> **Dataset section**
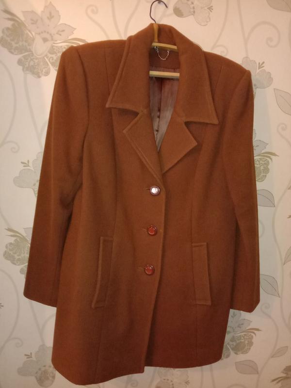 Размер 48-50. Состав ткани натуральная шерсть, силуэт приталенный классическая модель, цвет молочный шоколад. длина 82, полуобъем груди 52, полуобъем талии 49, полуобъем бедер 58, длина рукава 62.
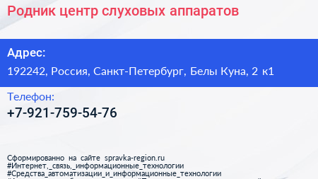 Родник, центр слуховых аппаратов по адресу 192242, Россия, Санкт-Петербург, Белы Куна, 2 к1 в дальнейшем Организация, размещена в следующих категориях:
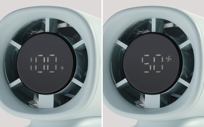 風量・充電・残量がひと目で分かるデジタル表示付き。外出前に充電残量をチェックできるので、安心して持ち歩けます。

> **Problem**
Please copy the data shown above, line by line and exactly, omitting the images.

> **Answer box**
 Размер 48-50. Состав ткани натуральная шерсть, силуэт приталенный классическая модель, цвет молочный шоколад. длина 82, полуобъем груди 52, полуобъем талии 49, полуобъем бедер 58, длина рукава 62.
 Родник, центр слуховых аппаратов по адресу 192242, Россия, Санкт-Петербург, Белы Куна, 2 к1 в дальнейшем Организация, размещена в следующих категориях:
 風量・充電・残量がひと目で分かるデジタル表示付き。外出前に充電残量をチェックできるので、安心して持ち歩けます。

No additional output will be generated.